Macaristan: Orbán STK'lara baskıyı artırıyor
İktidardaki Fidesz partisi, yeni bir yasayla pek çok sivil toplum ve medya kuruluşunun faaliyetlerini daha da kısıtlamayı planlıyor. Tasarı, yurt dışından finanse edilen STK’lar ve şirketlere yönelik bir kara liste oluşturulmasını öngörüyor. Yasa kabul edilirse, bundan böyle yurt dışından mali destek alınması maliyenin iznine tabi tutulacak ve STK’ların yurt içinde bağış kampanyaları düzenlemesine de ağır bürokratik engeller konulacak.
Muhalifler damgalanacak
Hvg, yasa tasarısının devlet erkine sınırsız yetkiler tanıdığından yakınıyor:
“Tasarıya göre herkes yabancı çıkarlara hizmet etmekle damgalanabilecek. Yabancı bir kaynaktan alınacak küçük bir bağış, Google veya Youtube reklam gelirleri ya da şeffaf bir yarışmada kazanılmış ve belirli bir amaç için kullanılması gereken yurt dışı finansmanlı bir başvuru dahi buna yetecek. ... İktidar bu sayede, kimin yüksek sesle konuşabilip konuşamayacağına karar verme hakkını bir tek kendinde bulacak.”
Mali kuşatma
Új Szó'ya göre, yasa tasarısı devletin hedef tahtasına oturttuğu kuruluşları tamamen felce uğratmayı hedefliyor:
“Yasa bu haliyle kabul edilirse, tarafsız bir aktör olarak tanımlanması pek mümkün olmayan Egemenliği Koruma Dairesi’nin keyfine göre takibe takılan kuruluşlar, mali planlarını fiilen çöpe atmak zorunda kalabilecek.. ... Yurt dışından fon alınması durumunda öngörülen 25 kat para cezası ile bu kaynakların derhal ve tamamen kesilmesi, kurumların kayda değer bir faaliyet yürütmesini imkânsız hale getirecek; üstelik yargıya başvurarak bu suçlamalardan hızla kurtulmak da mümkün olmayacak.”
Yurttaşlar ve Brüksel izlemekle mi yetinecek?
Válasz Online, Macaristan’ın bu düzenlemelerle nihayet Rusya modeline benzer bir otokratik devlete dönüşeceği kanısında:
“Bu yasa kabul edilirse, Macaristan resmen bir otokrasi hâline gelecek. … Bu yasa kabul edilirse, geriye iki soru kalacak: Birincisi, Macar halkı keyfi bir yönetim altında yaşamayı istiyor mu? İkincisi ise, Avrupa Birliği gerçekten de yıl 2025 olmuşken, üyelerinden birinde Rus usulü bir otokrasinin son taşının döşenmesini biçare izleyecek kadar zayıf bir yapı mı?”

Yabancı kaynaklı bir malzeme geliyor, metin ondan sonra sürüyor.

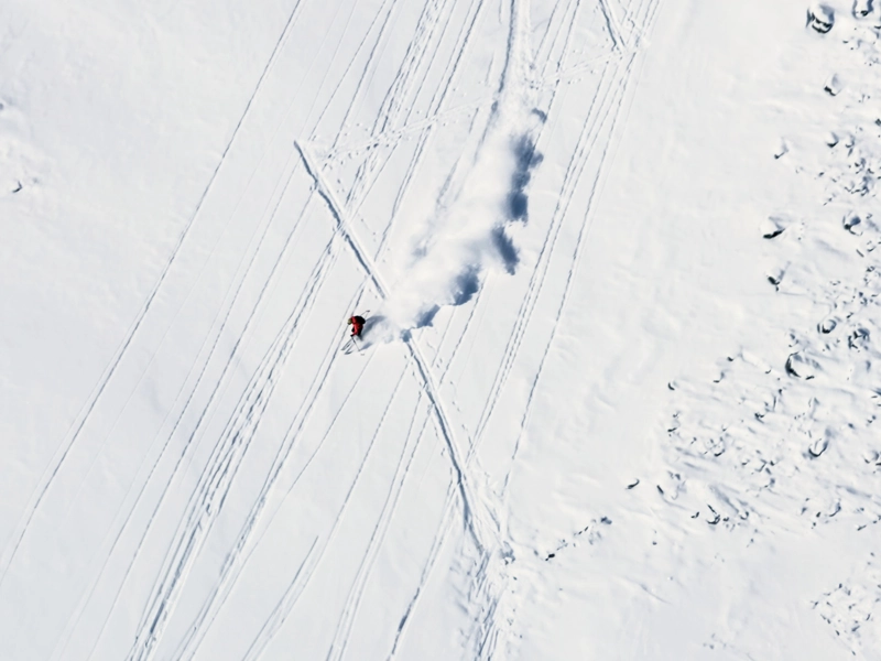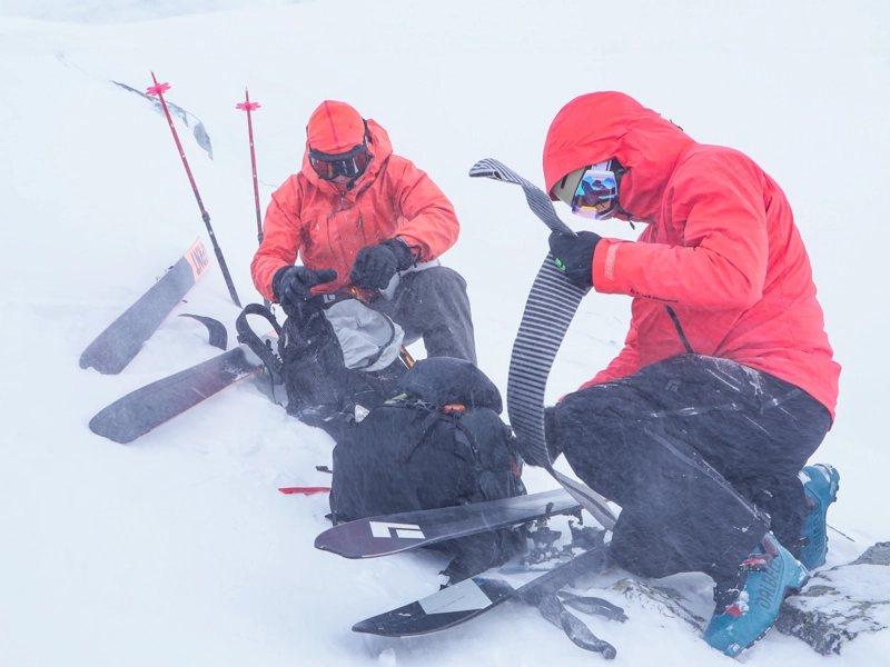 Als wir unsere Ski anzogen, hatte sich der Himmel vollständig aufgeklärt und die Mittagssonne schien warm. Voller Ungeduld warteten wir auf das Signal unseres Fotografen Rami und prüften die Bindungen auf Eis. Der erste Schwung fühlte sich fantastisch an, und ich sah, wie die oberflächliche Schneebrettlawine auf dem Neuschnee schnell zurückfiel, als wir an Geschwindigkeit zulegten. Der Black Diamond Helio 115 Ski begann auf dem Neuschnee zu gleiten, und ich suchte nach den besten Stellen für die nächsten Schwünge. Unten aßen wir eine Kleinigkeit und stiegen dann zum Gipfel eines nahe gelegenen Couloirs auf, das wir in der Nachmittagssonne befahren konnten. „Was für ein perfekter Start“, stellten wir fest, als wir mit den Skiern zurück zum Zelt fuhren.

Topluma büyük bedeller ödetilecek
Psikolog Dávid Szél, Telex’te sivil toplum kuruluşlarının yaptıklarını başka kimselerin başaramayacağına dikkat çekiyor:
“Tek tek insanlarla faaliyetleri engellenen bu kuruluşlar değil de kim ilgilenecek? … İki çocuğuyla yoksulluk içinde yaşayan, evini tahliye etmesi tehdidiyle karşı karşıya kalan ve avukat tutacak parası olmayan bir anneye hukuki desteği Sokak Hukukçuları Derneği değil de kim verecek? Devletin batarya fabrikası kurmak istediği bölgede çevresel etki değerlendirmesini Hava Eylem Grubu değil de kim gerçekleştirecek? Hiç kimse. İnsanlar kendi hallerine terk edilecek ve bunun da toplum açısından doğuracağı ağır bedelleri öngörmesi şimdiden mümkün.”

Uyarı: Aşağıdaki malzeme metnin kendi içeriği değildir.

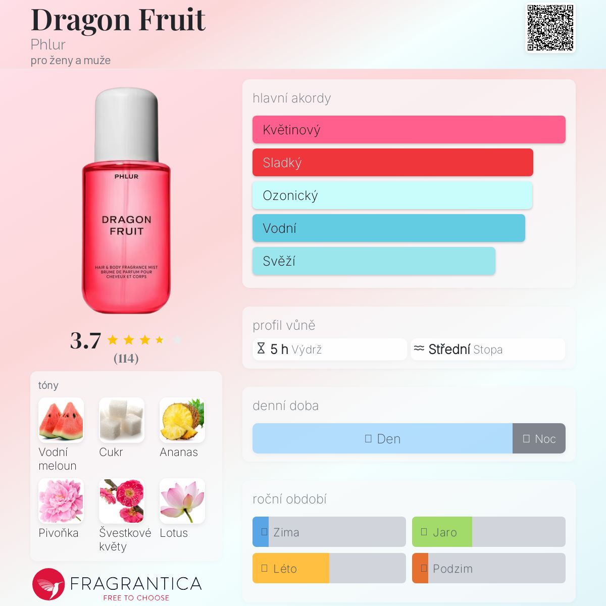 Dragon Fruit podle Phlur je Floral Fruity vůně pro ženy a muže. Toto je nová vůně. Dragon Fruit byl/a uveden/a v roce 2024. Vrchní tóny jsou Vodní meloun a Ananas; střední tóny jsouPivoňka, Švestkové květy a Lotus ; základní tóny jsou Cukr, Vanilkový lusk, Jantar (ambra) a Santalové dřevo.

Muhalefet yurtseverlerin sesini kısmak istiyor
Hükümet yanlısı Magyar Nemzet, muhalefetin de medyaya yönelik benzer yasakçı niyetler taşıdığını öne sürüyor:
“Daha dört yıl önce, [muhalefetteki] Momentum partisinin eski burnu büyük lideri András Fekete-Győr gazetecilerin mesleklerini icra etmelerini yasaklayacağını ilan etmişti. … Ve bunun üzerinden bir yıl dahi geçmeden, yeni sahte ‘mesih’ Péter Magyar da şöyle demişti: ‘Artık yeter! Seçmenlerimiz yalnızca siyasi seçkinlerin değil, onların medyasında çalışanların da koltuklarından edilmesini istiyor.’ … Yurt dışı desteğiyle eski güzel günlerine dönmeyi ve yurtseverlere ders vermeyi umuyorlar. Ama bunda muvaffak olamayacaklar.”